TASK TO CARRY OUT:
Repeat each record exactly, skipping the pictures.

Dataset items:

--- START ---

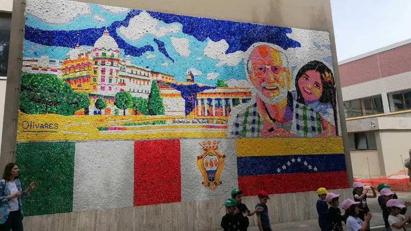 Oltre 100mila tappi di plastica diventano tessere di un mosaico, firmato dall'artista venezuelano Oscar Olivares, realizzato su una delle pareti esterne della palestra della scuola media Zingarelli. La parete raffigura il nonno dell'artista foggiano Vito Moreno (che ha fornito il bozzetto dell'opera) con una nipotina. Sullo sfondo, la fontana del Sele di piazza Cavour, una delle icone della città, in questi giorni celebrata per i 100 anni dall'inaugurazione.
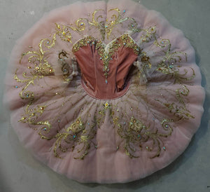 The professional, ten layers, hooped tutu skirt matches the bodice and is covered by god appliques and sparkles.
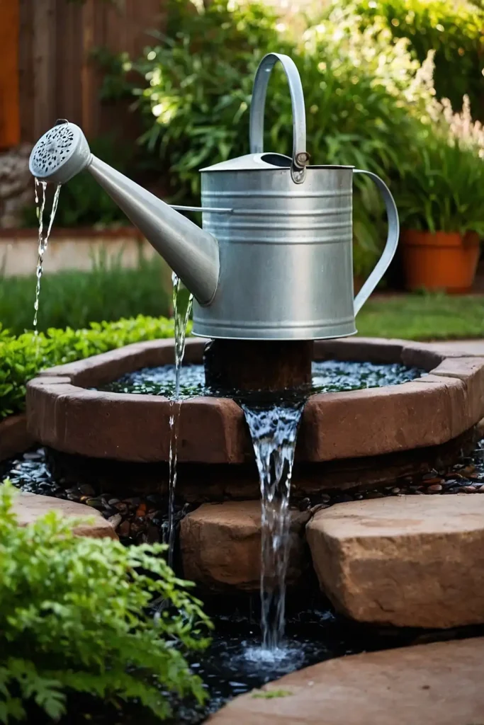 Transform an old metal watering can into a whimsical fountain. Position it at an angle so water appears to pour continuously from the spout.
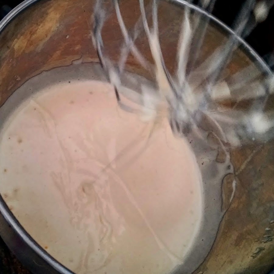 Preparamos el relleno: Batimos la nata (crema de leche) ligeramente y a ésta le añadimos el queso mascarpone y un par de cucharada de azúcar.
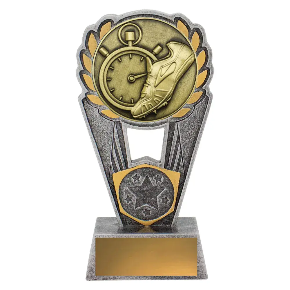 Elegant design in this 'Polaris' series showcases a finely designed metal insert representing your sport or activity. Same prestige metal inserts to be used in other trophies, awards and medals to create a versatile range of awards.
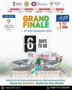 The countdown has begun! Just 6 days until India’s brightest innovators, coders and creators compete at the SIH 2025 Grand Finale hosted at LNCT. Hack
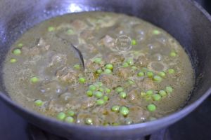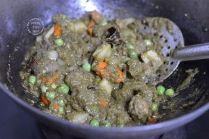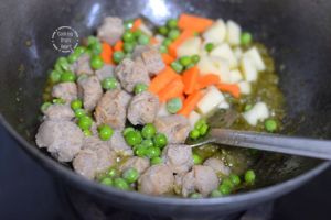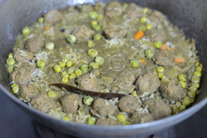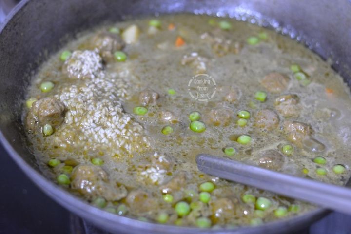 - Add 1 cup chopped vegetables (carrots, potatoes, French beans, fresh green peas) and soya chunks if using.
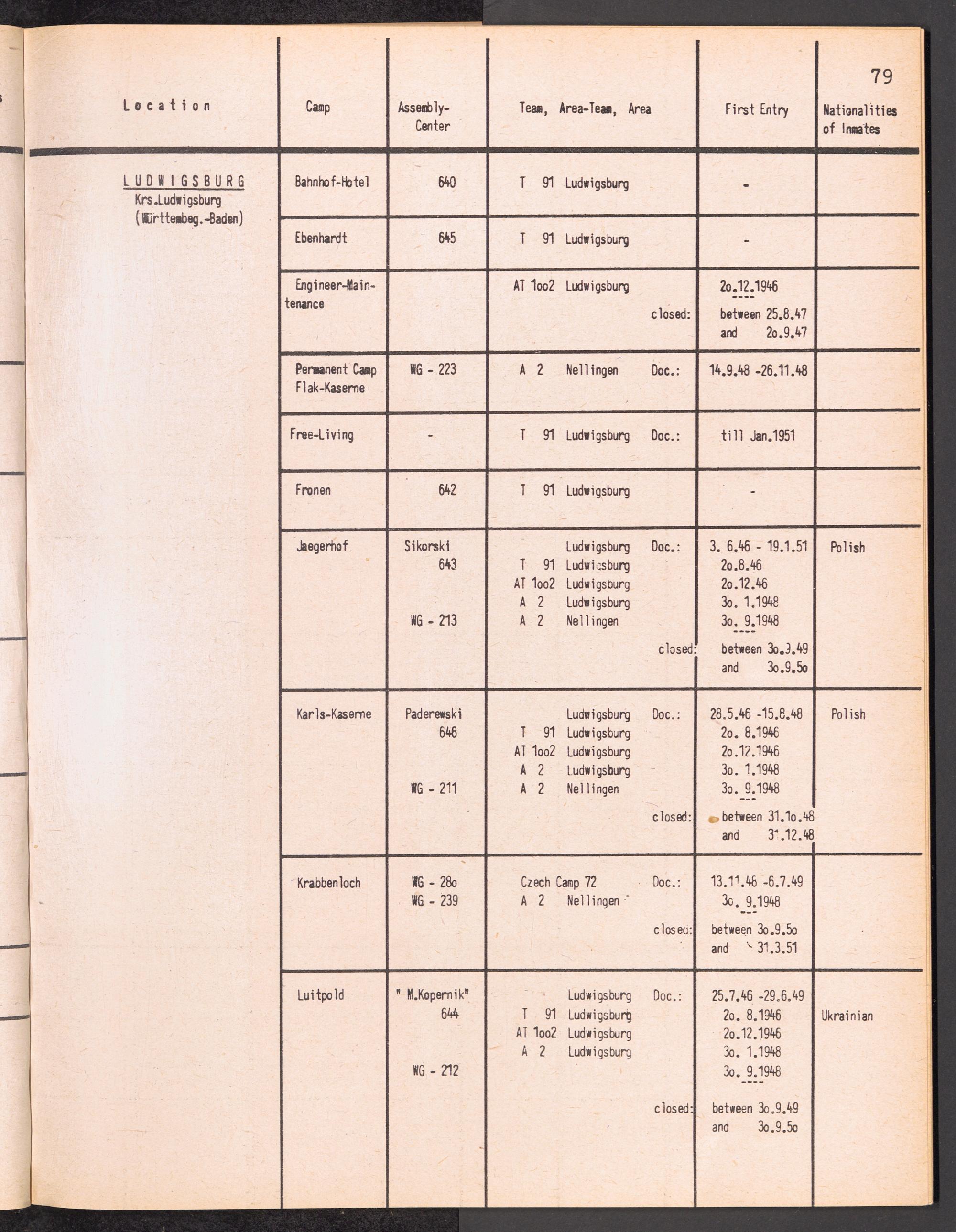 Alphabetisches Verzeichnis der DP-Lager in der US-Zone DeutschlandsAlphabetical Register of DP-Camps in US-Zone of Germany
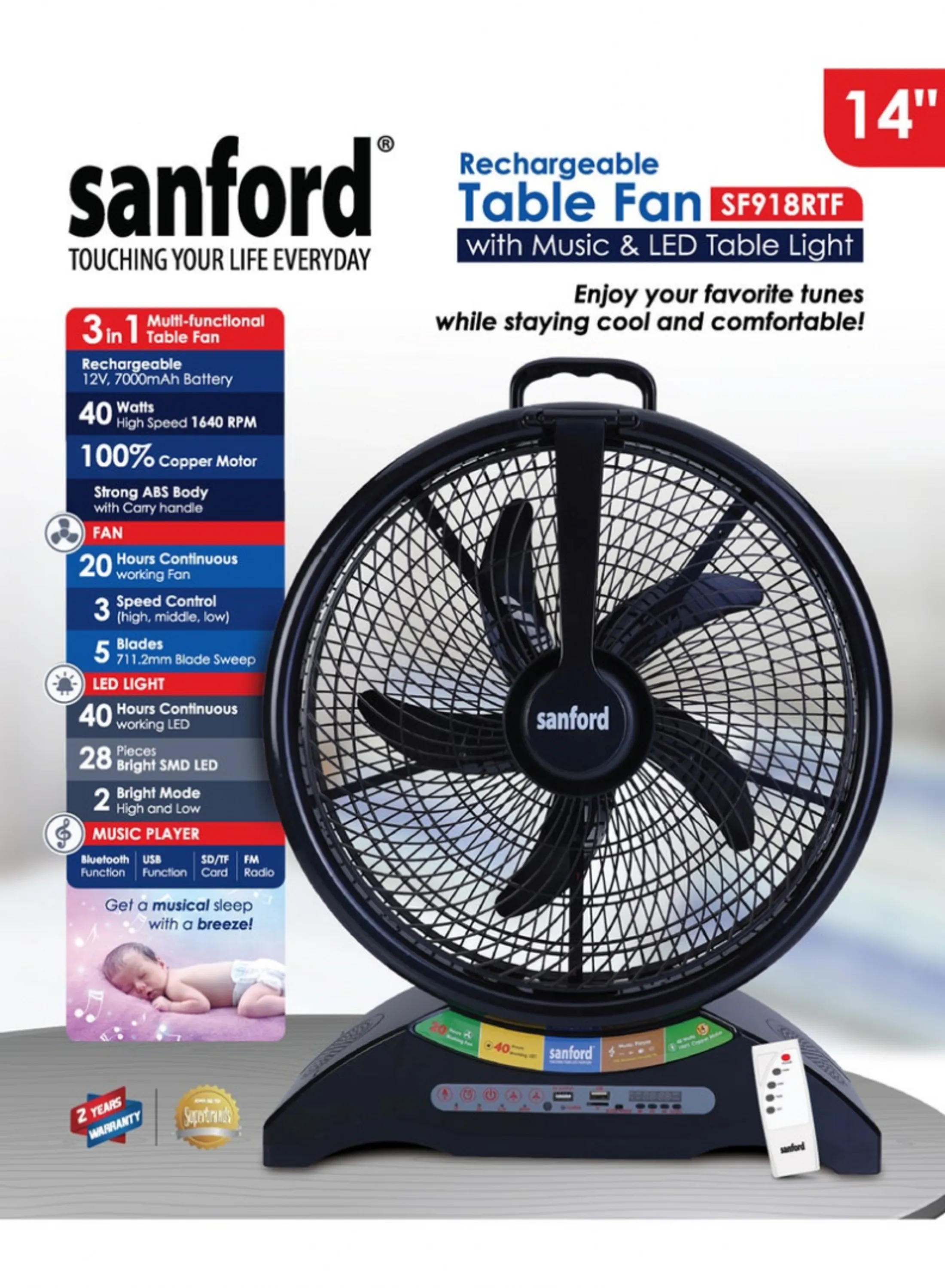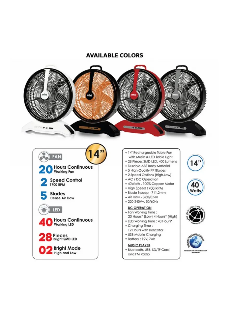 محتویات جعبه: 1 پنکه رومیزی قابل شارژ با ریموت.

--- END ---

ANSWER TO THIS EXERCISE:
 Oltre 100mila tappi di plastica diventano tessere di un mosaico, firmato dall'artista venezuelano Oscar Olivares, realizzato su una delle pareti esterne della palestra della scuola media Zingarelli. La parete raffigura il nonno dell'artista foggiano Vito Moreno (che ha fornito il bozzetto dell'opera) con una nipotina. Sullo sfondo, la fontana del Sele di piazza Cavour, una delle icone della città, in questi giorni celebrata per i 100 anni dall'inaugurazione.
 The professional, ten layers, hooped tutu skirt matches the bodice and is covered by god appliques and sparkles.
 Transform an old metal watering can into a whimsical fountain. Position it at an angle so water appears to pour continuously from the spout.
 Preparamos el relleno: Batimos la nata (crema de leche) ligeramente y a ésta le añadimos el queso mascarpone y un par de cucharada de azúcar.
 Elegant design in this 'Polaris' series showcases a finely designed metal insert representing your sport or activity. Same prestige metal inserts to be used in other trophies, awards and medals to create a versatile range of awards.
 The countdown has begun! Just 6 days until India’s brightest innovators, coders and creators compete at the SIH 2025 Grand Finale hosted at LNCT. Hack
 - Add 1 cup chopped vegetables (carrots, potatoes, French beans, fresh green peas) and soya chunks if using.
 Alphabetisches Verzeichnis der DP-Lager in der US-Zone DeutschlandsAlphabetical Register of DP-Camps in US-Zone of Germany
 محتویات جعبه: 1 پنکه رومیزی قابل شارژ با ریموت.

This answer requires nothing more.